### WORK INSTRUCTIONS
Write out exactly, please, every line from the beginning of the entries to the line holding "ชุดช้อนส้อมสำหรับของหวาน สไตล์ไวกิ้ง หรูหรา", and no pictures.

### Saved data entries

####################

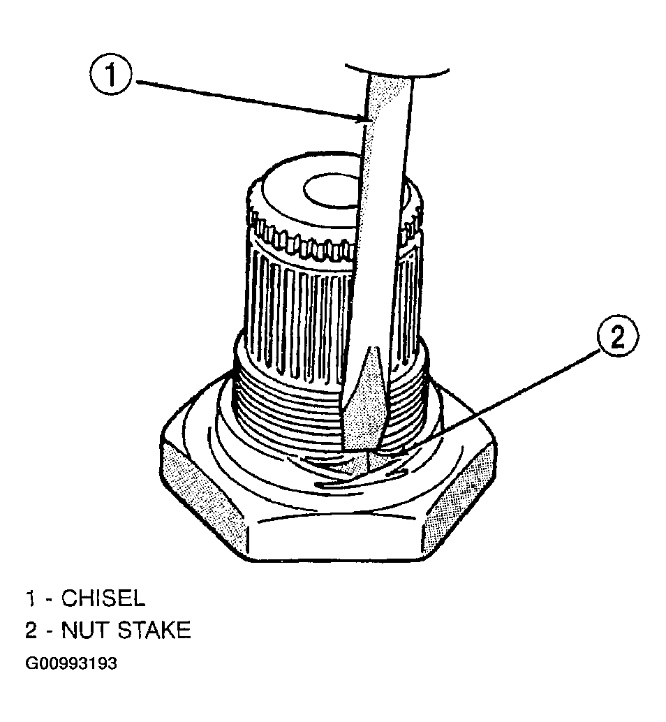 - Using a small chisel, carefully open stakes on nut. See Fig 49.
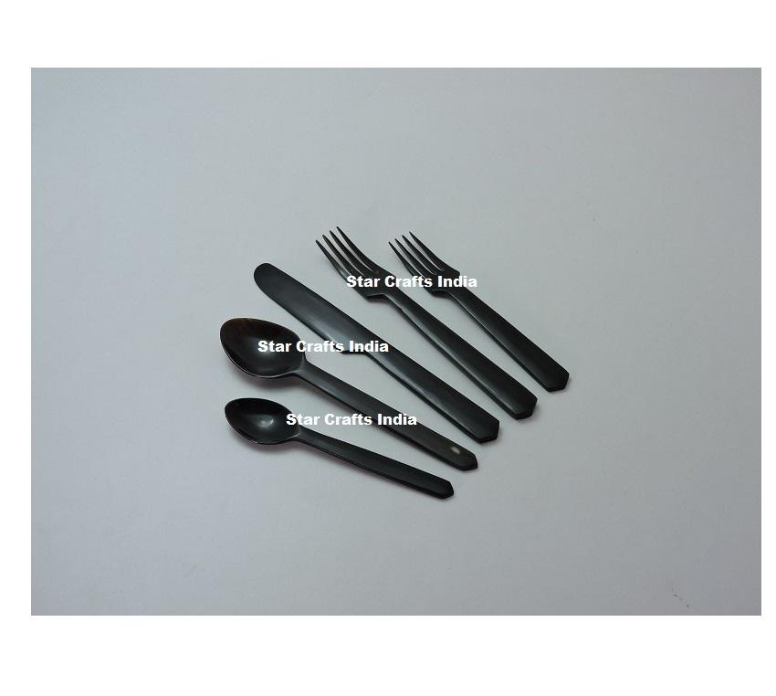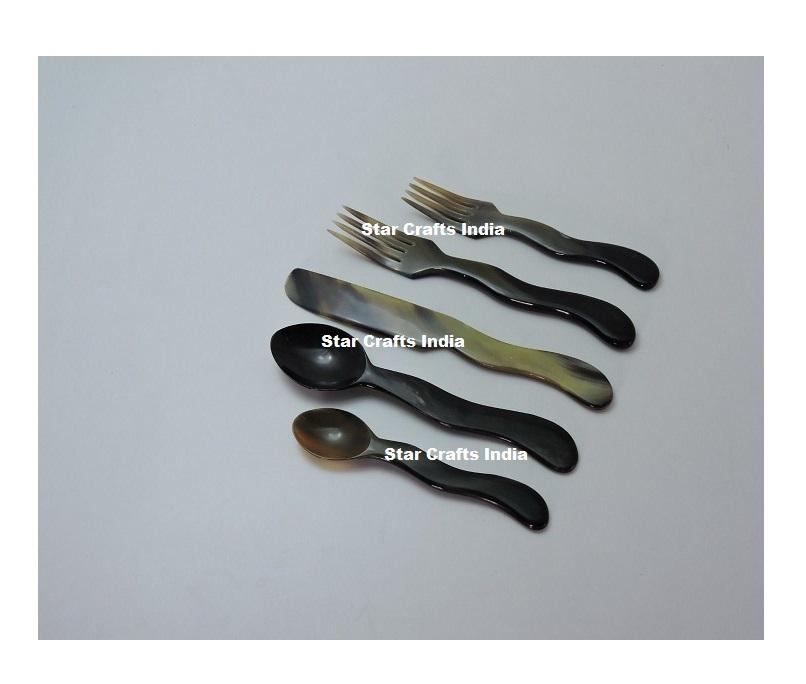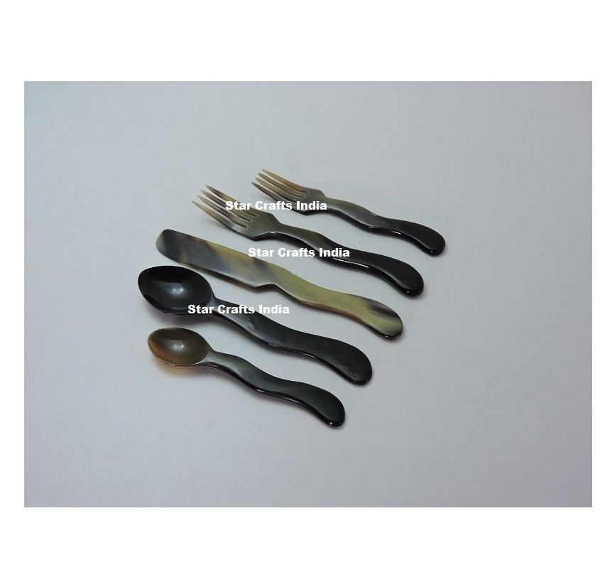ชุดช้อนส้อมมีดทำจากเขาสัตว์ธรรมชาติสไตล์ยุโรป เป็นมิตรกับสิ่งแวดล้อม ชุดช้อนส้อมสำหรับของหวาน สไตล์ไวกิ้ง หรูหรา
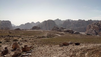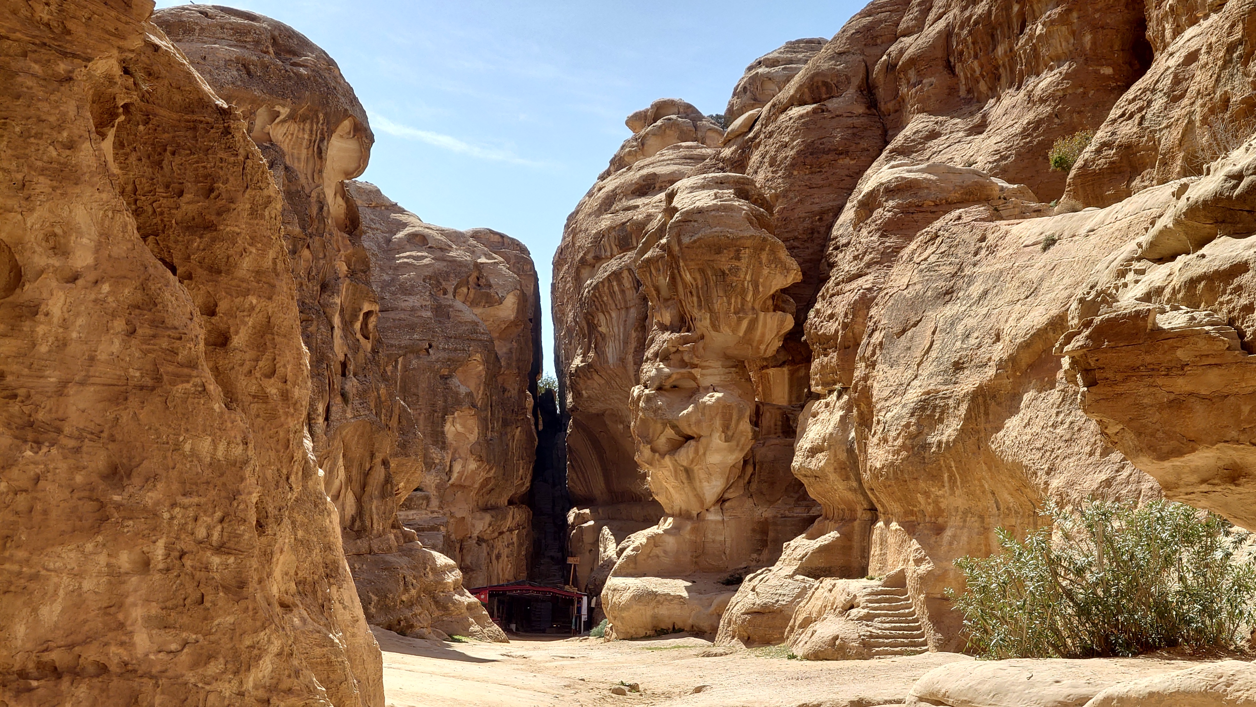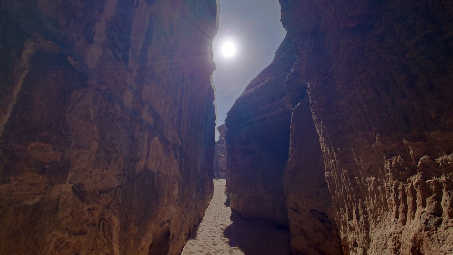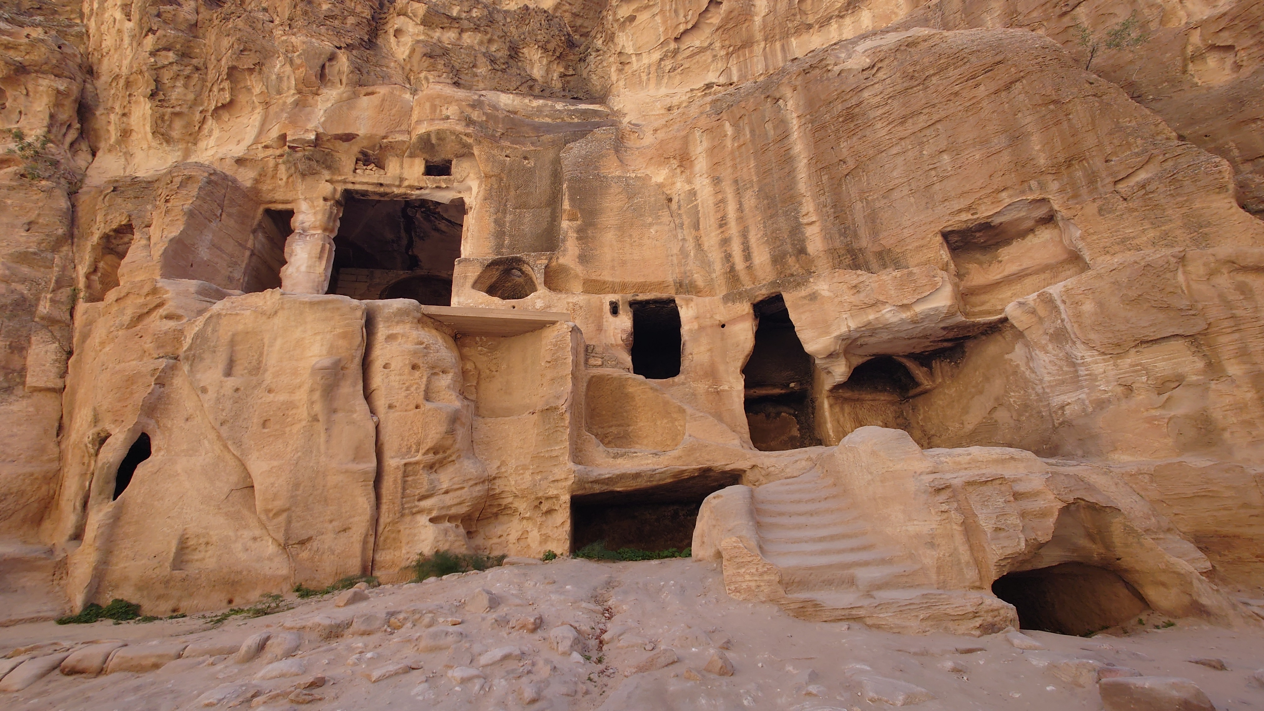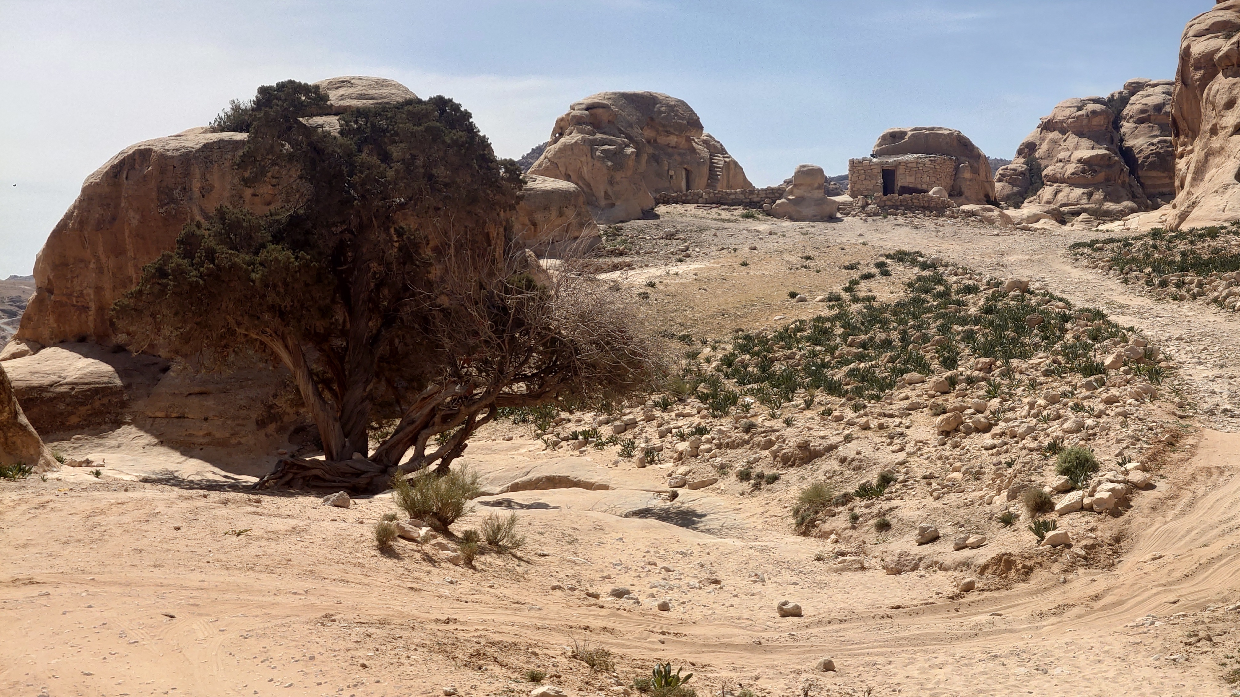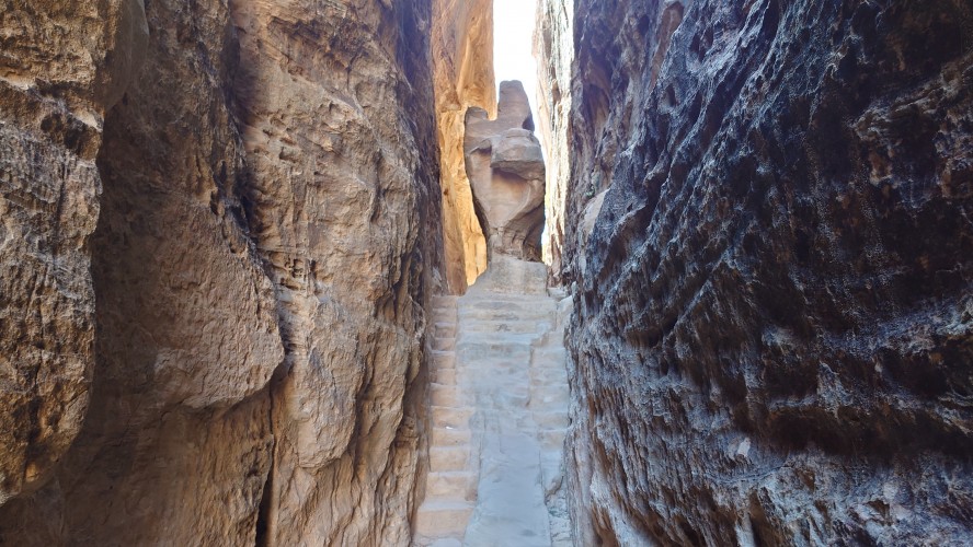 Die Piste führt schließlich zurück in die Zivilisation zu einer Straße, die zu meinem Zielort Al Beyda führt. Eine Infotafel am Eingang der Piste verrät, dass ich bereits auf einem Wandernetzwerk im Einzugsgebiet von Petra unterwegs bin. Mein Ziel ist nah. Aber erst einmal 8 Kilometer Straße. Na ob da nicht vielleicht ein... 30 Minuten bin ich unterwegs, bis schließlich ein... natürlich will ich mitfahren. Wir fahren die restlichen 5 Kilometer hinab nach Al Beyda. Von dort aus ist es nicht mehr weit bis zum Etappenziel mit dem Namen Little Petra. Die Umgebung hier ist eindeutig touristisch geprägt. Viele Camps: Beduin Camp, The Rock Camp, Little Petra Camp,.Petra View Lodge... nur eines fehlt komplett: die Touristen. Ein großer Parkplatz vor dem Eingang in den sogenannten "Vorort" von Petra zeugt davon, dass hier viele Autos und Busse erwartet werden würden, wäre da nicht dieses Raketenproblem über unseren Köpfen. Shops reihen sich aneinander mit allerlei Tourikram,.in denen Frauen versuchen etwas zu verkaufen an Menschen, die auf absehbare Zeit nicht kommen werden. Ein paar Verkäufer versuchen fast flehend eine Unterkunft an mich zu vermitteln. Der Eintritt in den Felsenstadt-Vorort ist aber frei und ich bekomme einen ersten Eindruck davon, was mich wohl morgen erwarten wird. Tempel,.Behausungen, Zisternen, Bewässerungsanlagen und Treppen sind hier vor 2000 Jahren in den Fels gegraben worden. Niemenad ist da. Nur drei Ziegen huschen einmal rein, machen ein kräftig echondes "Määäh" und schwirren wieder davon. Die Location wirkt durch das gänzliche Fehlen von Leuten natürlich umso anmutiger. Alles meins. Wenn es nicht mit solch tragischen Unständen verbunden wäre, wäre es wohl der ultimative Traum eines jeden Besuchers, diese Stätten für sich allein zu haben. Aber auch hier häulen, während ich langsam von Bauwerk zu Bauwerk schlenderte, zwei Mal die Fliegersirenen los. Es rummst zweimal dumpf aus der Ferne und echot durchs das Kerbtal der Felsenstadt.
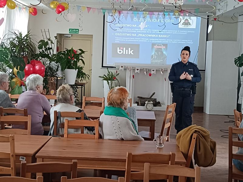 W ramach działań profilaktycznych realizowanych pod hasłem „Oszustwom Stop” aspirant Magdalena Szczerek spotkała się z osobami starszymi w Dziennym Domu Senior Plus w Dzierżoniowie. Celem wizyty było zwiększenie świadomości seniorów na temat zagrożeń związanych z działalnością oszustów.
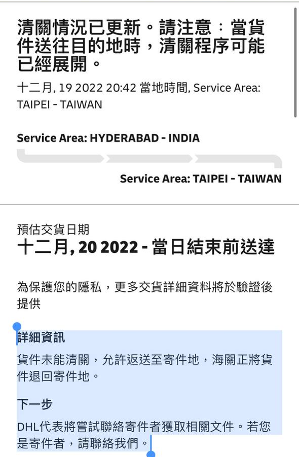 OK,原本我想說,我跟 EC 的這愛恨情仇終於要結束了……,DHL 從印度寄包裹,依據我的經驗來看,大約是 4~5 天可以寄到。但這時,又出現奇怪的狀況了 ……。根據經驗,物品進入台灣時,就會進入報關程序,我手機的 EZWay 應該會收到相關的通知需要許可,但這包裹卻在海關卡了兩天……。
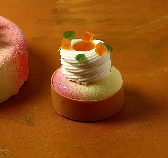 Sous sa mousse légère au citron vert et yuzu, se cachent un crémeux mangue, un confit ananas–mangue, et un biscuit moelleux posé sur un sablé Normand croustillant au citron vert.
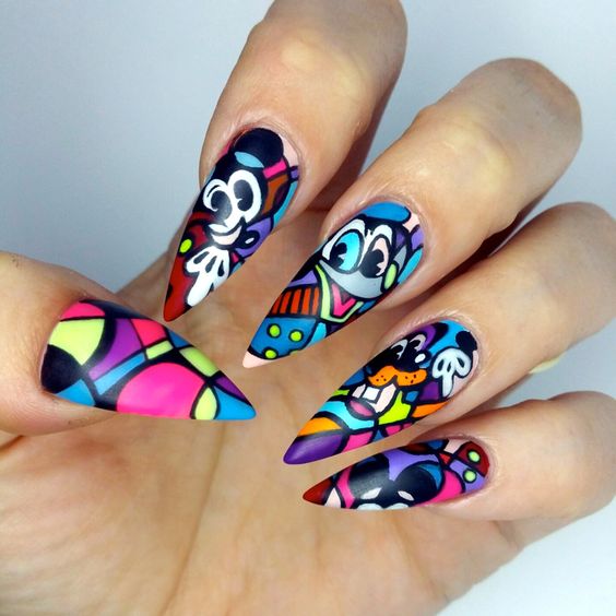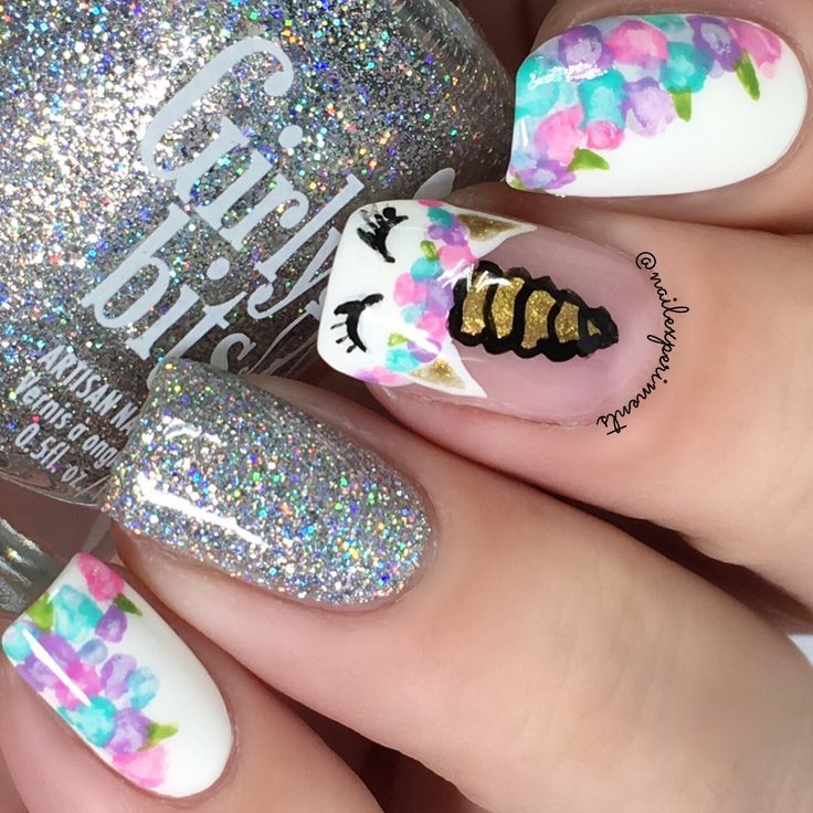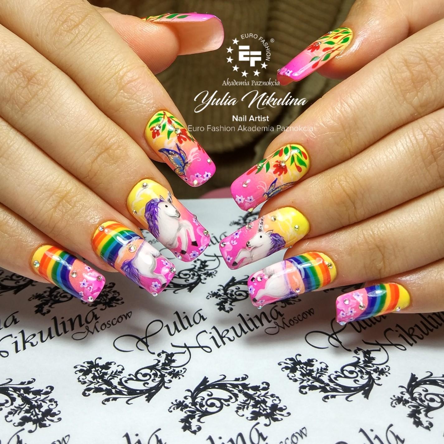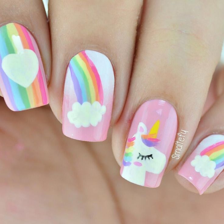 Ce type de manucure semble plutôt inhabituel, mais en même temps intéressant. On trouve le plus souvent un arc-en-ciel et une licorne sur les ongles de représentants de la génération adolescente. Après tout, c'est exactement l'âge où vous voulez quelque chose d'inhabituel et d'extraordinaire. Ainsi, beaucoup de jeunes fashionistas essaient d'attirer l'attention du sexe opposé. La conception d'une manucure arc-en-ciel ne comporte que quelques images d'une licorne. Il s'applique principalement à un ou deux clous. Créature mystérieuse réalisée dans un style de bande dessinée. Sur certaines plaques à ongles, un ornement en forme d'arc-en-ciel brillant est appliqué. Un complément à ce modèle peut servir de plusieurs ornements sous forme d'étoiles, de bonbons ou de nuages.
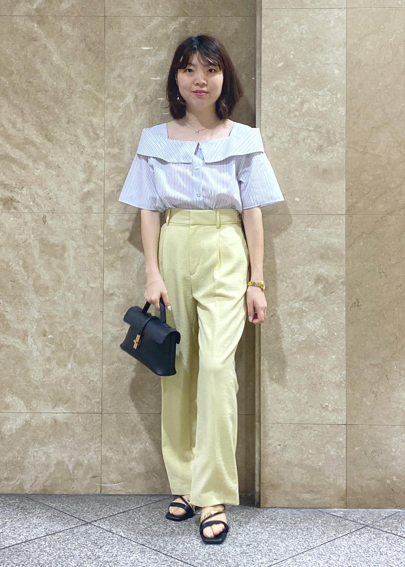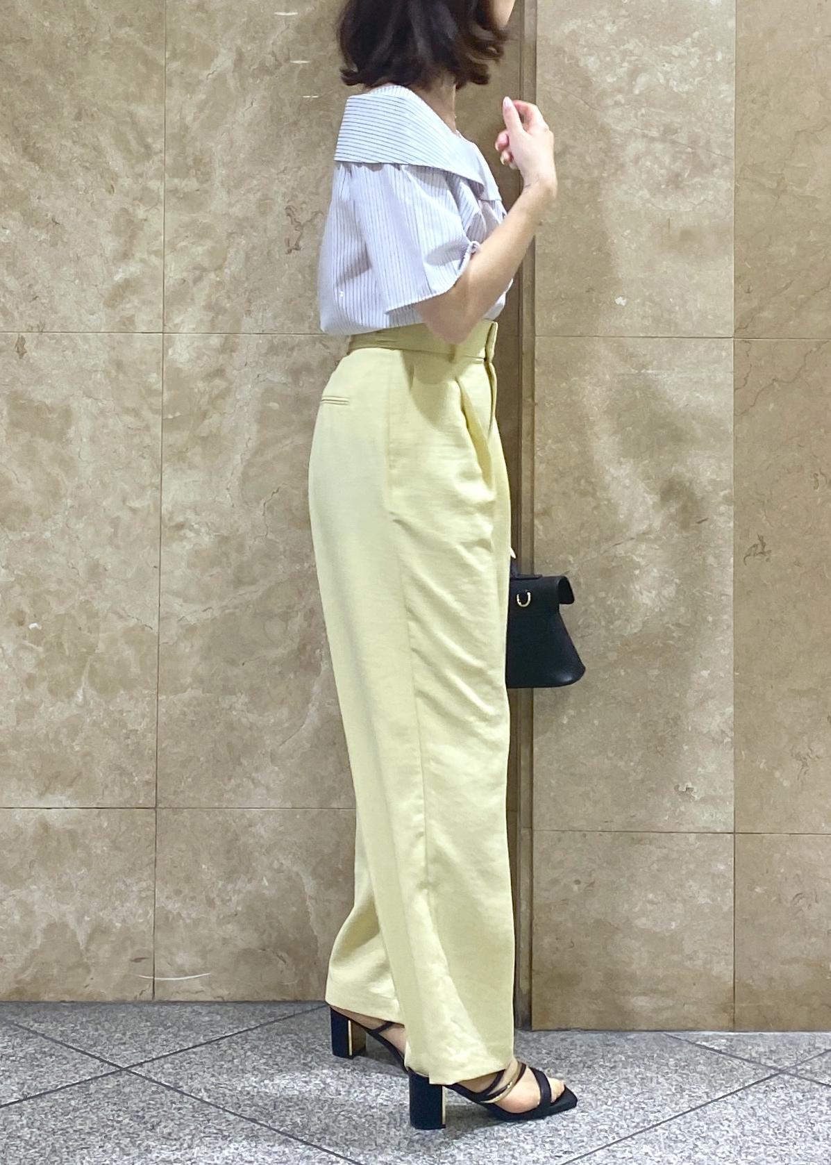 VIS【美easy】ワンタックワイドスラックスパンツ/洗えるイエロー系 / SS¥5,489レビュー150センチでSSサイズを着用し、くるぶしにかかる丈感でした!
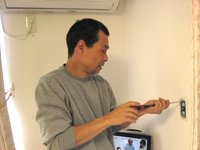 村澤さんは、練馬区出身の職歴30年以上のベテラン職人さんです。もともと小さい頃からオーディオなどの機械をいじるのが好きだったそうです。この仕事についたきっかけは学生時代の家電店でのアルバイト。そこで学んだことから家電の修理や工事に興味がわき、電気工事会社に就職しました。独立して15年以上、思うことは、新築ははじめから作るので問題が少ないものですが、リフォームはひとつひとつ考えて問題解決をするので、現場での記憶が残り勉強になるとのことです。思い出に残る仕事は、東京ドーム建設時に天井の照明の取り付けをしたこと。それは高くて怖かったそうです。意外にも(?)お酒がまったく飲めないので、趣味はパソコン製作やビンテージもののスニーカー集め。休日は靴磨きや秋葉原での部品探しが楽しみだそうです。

####################

### RESPONSE FOR THIS EXERCISE
 - Using a small chisel, carefully open stakes on nut. See Fig 49.
ชุดช้อนส้อมมีดทำจากเขาสัตว์ธรรมชาติสไตล์ยุโรป เป็นมิตรกับสิ่งแวดล้อม ชุดช้อนส้อมสำหรับของหวาน สไตล์ไวกิ้ง หรูหรา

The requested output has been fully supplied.